His disappearance has sparked a diplomatic row between Stockholm and Beijing.
“We are deeply concerned that Swedish citizen Gui Minhai was detained on January 20,” State Department spokeswoman Heather Nauert said in a statement.
“We call on Chinese authorities to explain the reasons and legal basis for Mr Gui’s arrest and detention, disclose his whereabouts, and allow him freedom of movement and the freedom to leave China.”
Gui’s daughter Angela Gui has said he was detained by around 10 plainclothes police while on a train to Beijing from the eastern city of Ningbo, where he was living, while accompanied by two Swedish diplomats.
He was going to see a Swedish doctor, she said.
On Wednesday the European Union ambassador to China called for Gui’s immediate release.

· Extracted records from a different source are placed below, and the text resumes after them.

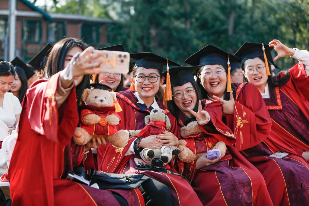 2025年6月23日,毕业生在中国人民大学毕业典礼上拍照留念。
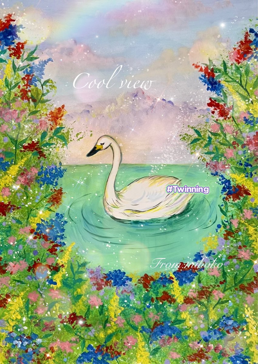 8月になりましたね。 夏バテには気をつけて過ごされますように。 Mihoko #絵描きさんと繋がりたい #アクリル画 #白鳥 #art #絵が好きな人と繋がりたい #painter #絵描き
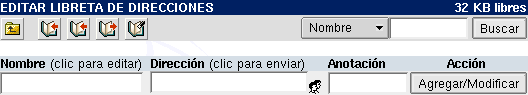 La libreta de direcciones es una pequeña base de datos para sus direcciones de contactos más comunes, que le permite acceder a ellos de una manera rápida y simple . Sin embargo, la libreta de direcciones tiene dos modos diferentes de uso: el modo de edición, que es usado para crear, eliminar y editar entradas; y el modo de uso, que le permite agregar las direcciones deseadas a los distintos campos (Destinatario, CC, CCO) de sus mensajes salientes.
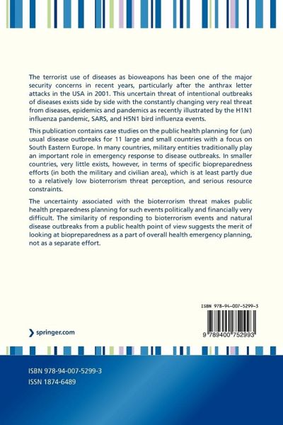 This publication contains case studies on the public health planning for (un)usual disease outbreaks for 11 large and small countries with a focus on South Eastern Europe. In many countries, military entities traditionally play an important role in emergency response to disease outbreaks. In smaller countries, very little exists, however, in terms of specific biopreparedness efforts (in both the military and civilian area), which is at least partly due to a relatively low bioterrorism threat perception, and serious resource constraints.

“The United States and our European partners are bound by shared principles of liberty, equality, and human dignity,” Nauert said.

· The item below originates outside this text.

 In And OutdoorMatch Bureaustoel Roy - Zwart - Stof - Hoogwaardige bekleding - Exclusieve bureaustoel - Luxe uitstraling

Gui was one of five Hong Kong-based booksellers known for salacious titles about the lives of China’s political elite.
This is the second time he has been snatched.
He first went missing in 2015 while on vacation in Thailand and later resurfaced at an undisclosed location in China. Chinese authorities said they had released Gui in October.
Amnesty International has called his latest disappearance “absolutely appalling.”